Genetic structure in both mtDNA and microsatellites confirmed the presence of two distinct lineages of G. f. fuscipes
in Uganda 
. This genetic differentiation, if associated with differences in physiology, behavior, and/or symbiont composition affecting vector competence 
, could have important implications for the epidemiology of trypanosomiasis, as well as vector control. However, the deep structure of G. f. fuscipes
in Uganda appears to reflect an ancient event that divided northern and southern lineages, and in light of evidence for modern gene flow, is likely to be impermanent.

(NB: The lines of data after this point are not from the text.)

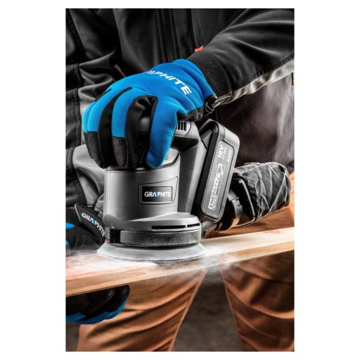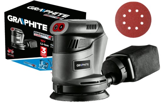Szlifierka mimośrodowa GRAPHITE, współpracująca z akumulatorami 18V Li-Ion GRAPHITE Energy+. Szlifierka posiada stopę o średnicy 125 mm z możliwością mocowania papieru ściernego na rzep. Urządzenie pracuje w trzech różnych prędkościach obrotowych: 5000/7000/9000 min⁻¹, którym odpowiadają częstotliwości oscylacji: 10000/14000/18000 min⁻¹. Amplituda oscylacji wynosi 2.7 mm. Miejsce chwytu pokryte zostało materiałem antypoślizgowym, dlatego elektronarzędziem można pracować bezpiecznie i komfortowo - także jedną ręką.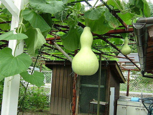 先日大きな葉っぱを見て「何だろう」と思った植物は「(でっかい)瓢箪」でした。いつの間にか50㌢位になってユラユラ揺れていました。もっともっと大きくなるようです。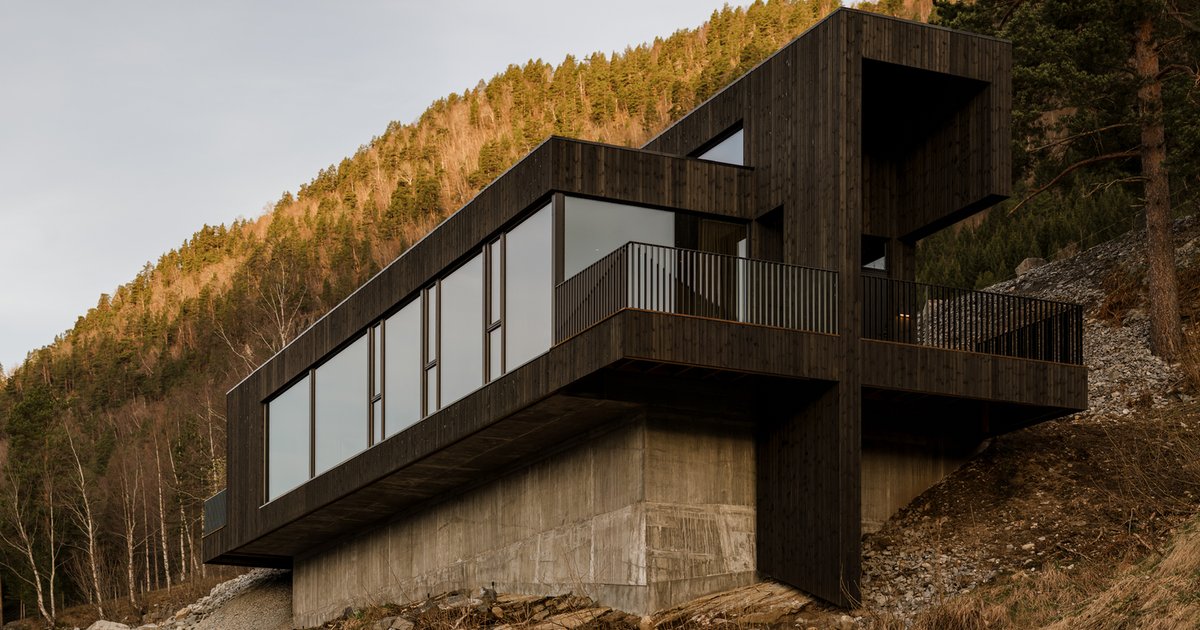 A hillside Norwegian holiday home that follows natural terrain, using local materials and subtle volumes to frame fjord views and blend with landscape.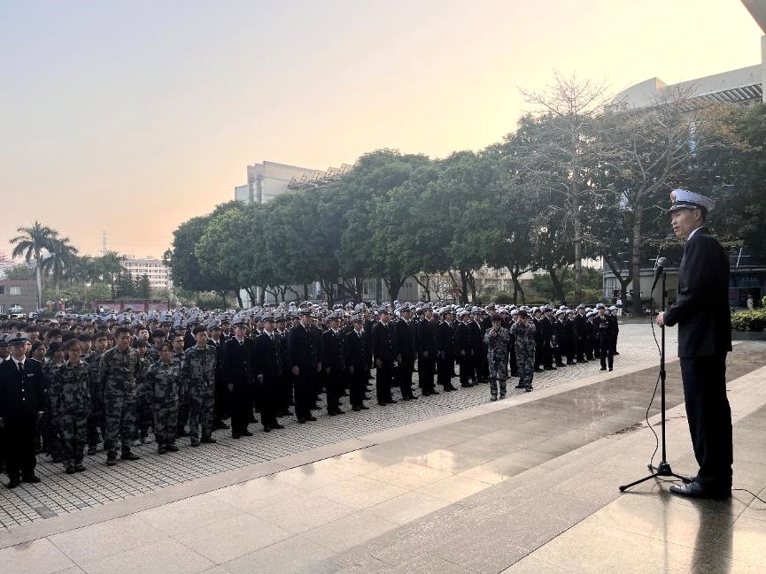 (海运学院供稿)春风送暖,共赴新程。为加强学生爱国主义教育,深化半军事管理内涵建设,3月6日上午,海运学院在海燕广场开展新学期升旗仪式暨主题教育活动。海运学院大队长林少栋老师、中队长何淋、叶振斌、陈岸斌、林恬恬等老师和全体学生参加本次活动。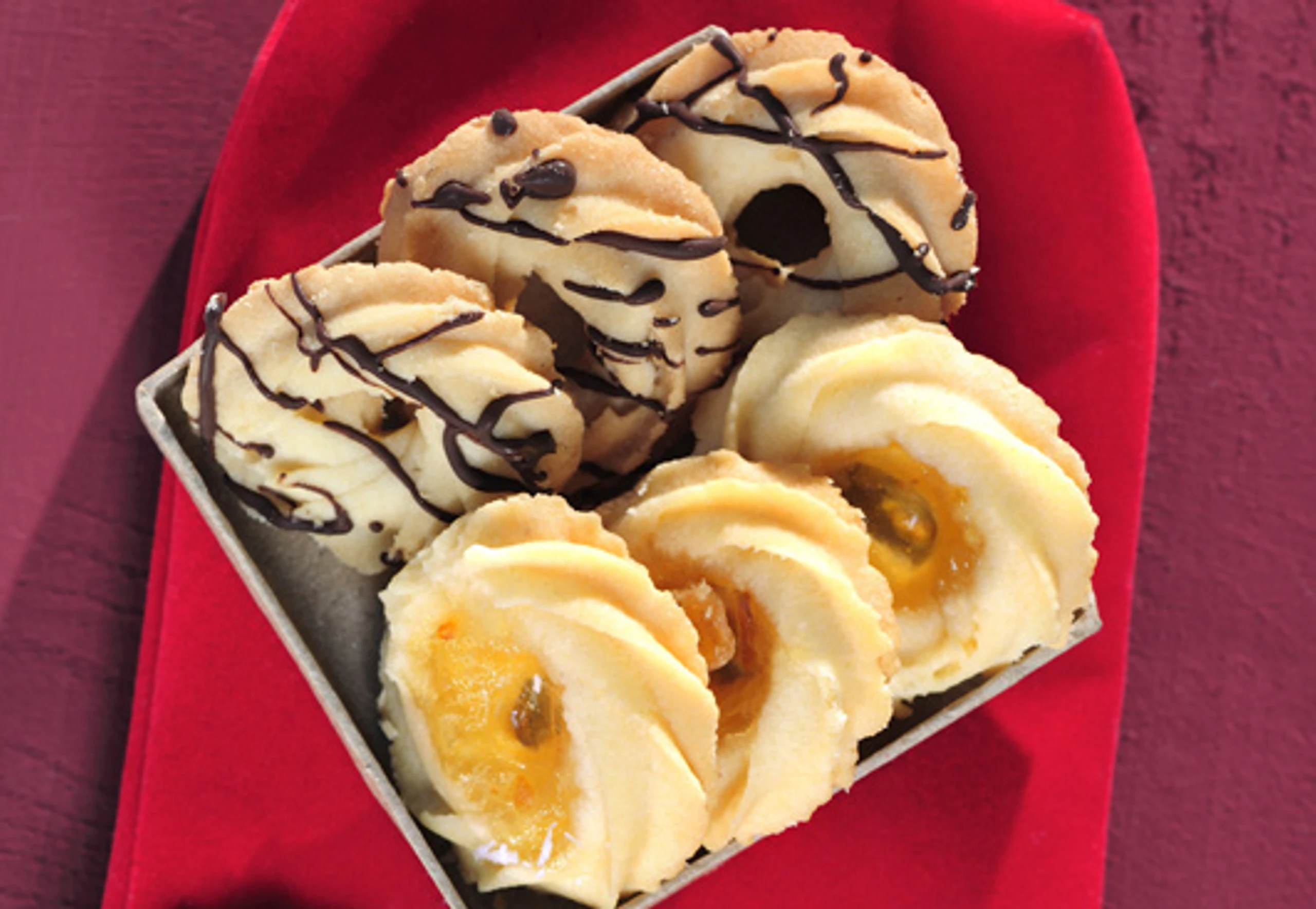 Masse in einen Dressiersack mit Sterntülle (8 mm) füllen und Ringerln auf die Bleche dressieren.

The isolation of northern and southern lineages, which appear to have diverged on the order of several hundreds of thousands of years before present, may have been facilitated by habitat fragmentation during extreme drought cycles in East Africa that ended only 70,000 years ago 
. Following the Last Glacial Maximum approximately 20,000 years ago 
, a period when Lake Victoria may have been totally dry 
, increasingly moist conditions would have favored the expansion of the riverine species G. f. fuscipes
from dry period refugia. Given the perfect latitudinal partitioning of mitochondrial groups, the two divergent lineages likely expanded into their present distribution via distinct pathways. These paths may have split to the north and south of the Blue and Rwenzori mountain ranges, both of which form a barrier to direct colonization from the west. As evidenced by the distribution of mtDNA haplotypes, these two groups currently meet along a zone of contact extending from Bunghazi (BN) in eastern Uganda to Masindi (MS) in western Uganda. This zone of contact falls to the south of Lake Kyoga, which was formerly proposed as a barrier to gene flow between northern and southern flies 
. Given the absence of obvious alternative geographical barriers to gene flow and the fairly narrow zone of contact, we speculate that northern and southern flies have come into contact only recently.

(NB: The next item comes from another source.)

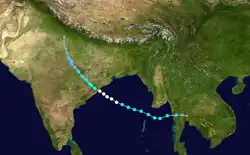 The 1972 North Indian Ocean cyclone season was part of the annual cycle of tropical cyclone formation. The season had no official bounds, but cyclones tend to form between April and December. These dates conventionally delimit the period of each year when most tropical cyclones form in the northern Indian Ocean. There are two main seas in the North Indian Ocean—the Bay of Bengal to the east of the Indian subcontinent and the Arabian Sea to the west of India. The official Regional Specialized Meteorological Centre in this basin is the India Meteorological Department (IMD), while the Joint Typhoon Warning Center (JTWC) releases unofficial advisories. An average of five tropical cyclones form in the North Indian Ocean every season with peaks in May and November.[1] Cyclones occurring between the meridians 45°E and 100°E are included in the season by the IMD.[2]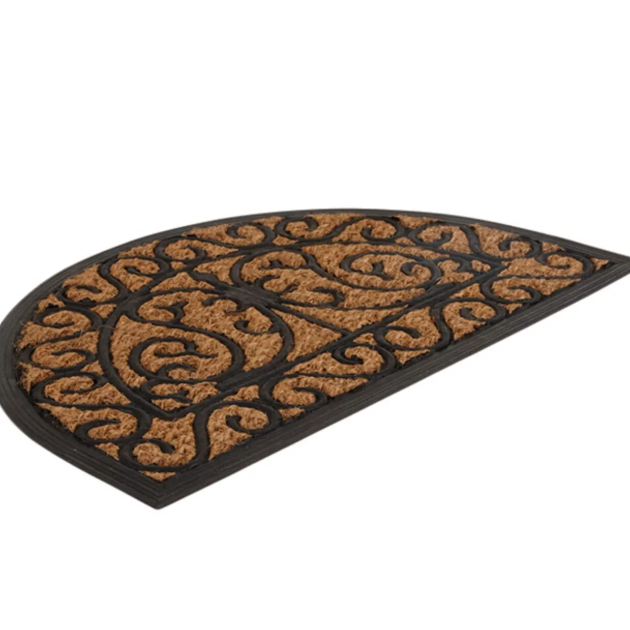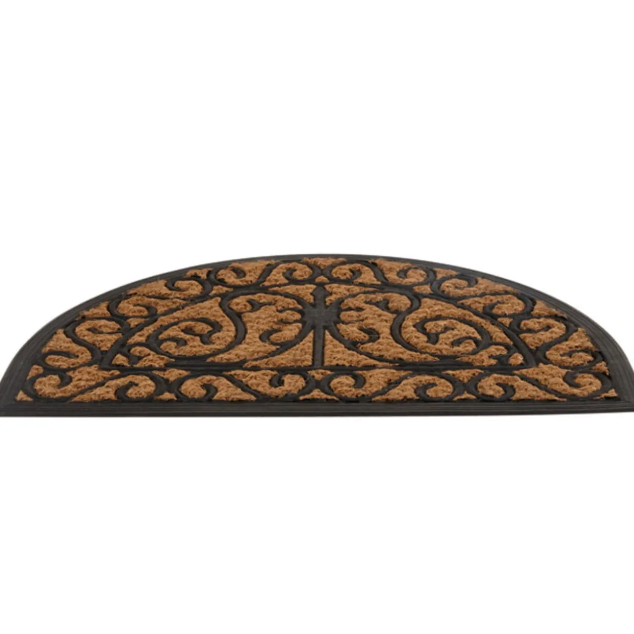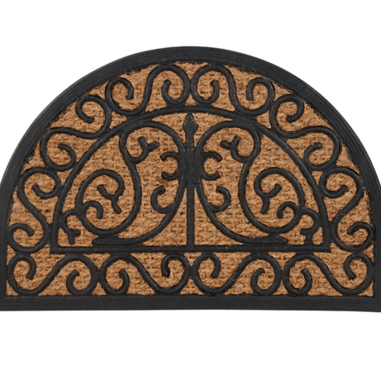 Paillasson demi lune, dim. 60×40 cm, fibres de coco et caoutchouc.

At present, evidence for admixture between the northern and southern flies is not uniform along the zone of contact. In Bunghazi (BN), we did not detect any deviation from HWE and almost all flies exhibited a mix of southern and northern ancestry, irrespective of their maternal lineage. In this portion of the contact zone, therefore, no barriers to mating are evident between northern and southern lineages. Given the hybrid dysgenesis observed among cryptic taxa within G. palpalis palpalis 
, this observation warrants experimental confirmation. Elsewhere in the contact zone, flies exhibited genetic signatures consistent with the introgression of a northern mtDNA haplotype into a nuclear background that allied almost exclusively with either southeastern (JN) or western (MS) flies. This scenario is consistent with rare female-biased dispersal into the contact zone from the north and chance amplification of that northern haplotype by drift in a small effective female population. Wolbachia
-induced mating incompatibility could also have played a role in driving the northern lineage to relatively high frequency, a possibility currently being investigated. In Junda (JN) and Masindi (MS), the homogeneous nuclear background did not support admixture of northern and southern flies. However, just north of the contact zone, flies captured along the Nile River at Murchison Falls (MF) and along Lake Kyoga at Bugondo (BG) exhibited strong signals of mixed ancestry, confirming our observation in Bunghazi that gene flow between northern and southern lineages is possible and ongoing.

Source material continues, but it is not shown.